- Appointed: 3 June 1999
- Term ended: 3 December 2009
- Predecessor: Lambertus Johannes van Heygen [de]
- Successor: Joseph Atanga [fr]
- Other post: Bishop of Batouri (1994–1999)

Orders
- Ordination: 3 August 1958
- Consecration: 22 May 1994 by Santos Abril y Castelló

Personal details
- Born: 9 August 1934 Clermont-sur-Berwinne, Belgium
- Died: 6 August 2023 (aged 88) Yaoundé, Cameroon
- Education: Collège royal Marie-Thérèse de Herve [fr]
- Alma mater: Scheutveld College

= Roger Pirenne =

Belgian Roman Catholic prelate (1934–2023)

Roger Pirenne (9 August 1934 – 6 August 2023) was a Belgian Roman Catholic prelate. A member of the CICM Missionaries, he was Archbishop Emeritus of Bertoua.

==Biography==
Born in Clermont-sur-Berwinne on 9 August 1934, Pirenne studied Greek and Latin at the Collège royal Marie-Thérèse de Herve and completed his studies in 1951. He then taught at the Abbé Jean Mairy.
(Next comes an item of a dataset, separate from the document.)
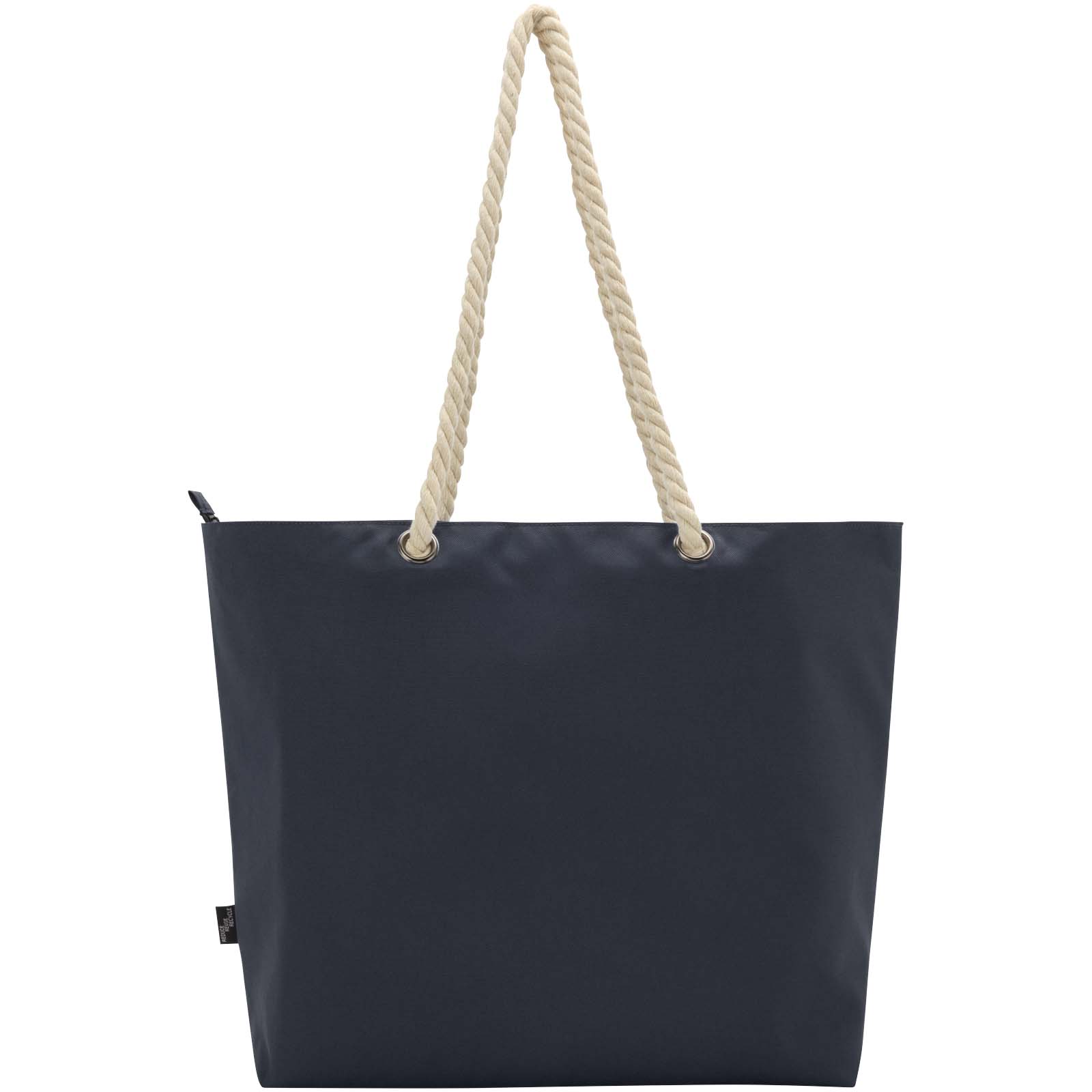 Die Panama Kühltragetasche besteht aus GRS-zertifiziertem Recycling-Polyester und verfügt über ein großes Hauptfach mit Reißverschluss sowie hochwertige Tragegriffe aus Alufolie und Baumwollkordel. Geeignet für verschiedene Aktivitäten wie Einkaufen, einen Tag am Strand oder im Park. Fassungsvermögen: 23 Liter. Beständigkeit bis zu 10 kg. PVC frei.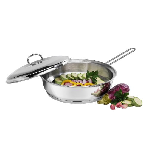 Si buscas una sartén duradera, fácil de usar y de alta calidad, la Sartén Cabernet 26 x 07 cm es perfecta para ti. Hecha completamente de acero inoxidable 18/10, esta sartén asegura una cocción eficiente y saludable, sin liberar residuos ni toxinas en los alimentos.

His ecclesiastical studies were held at Scheutveld College, and he was then ordained a priest on 3 August 1958.

In 1962, Pirenne was sent on a mission to Congo-Léopoldville. He was then sent to Cameroon and became a vicar in the Diocese of Yaoundé. In 1981, he was moved to Doumaintang, then to Batouri in 1983, and Yokadouma in 1991. In 1994, he was ordained Bishop of Batouri before being named Archbishop of Bertoua in 1999. He became Archbishop Emeritus in 2009.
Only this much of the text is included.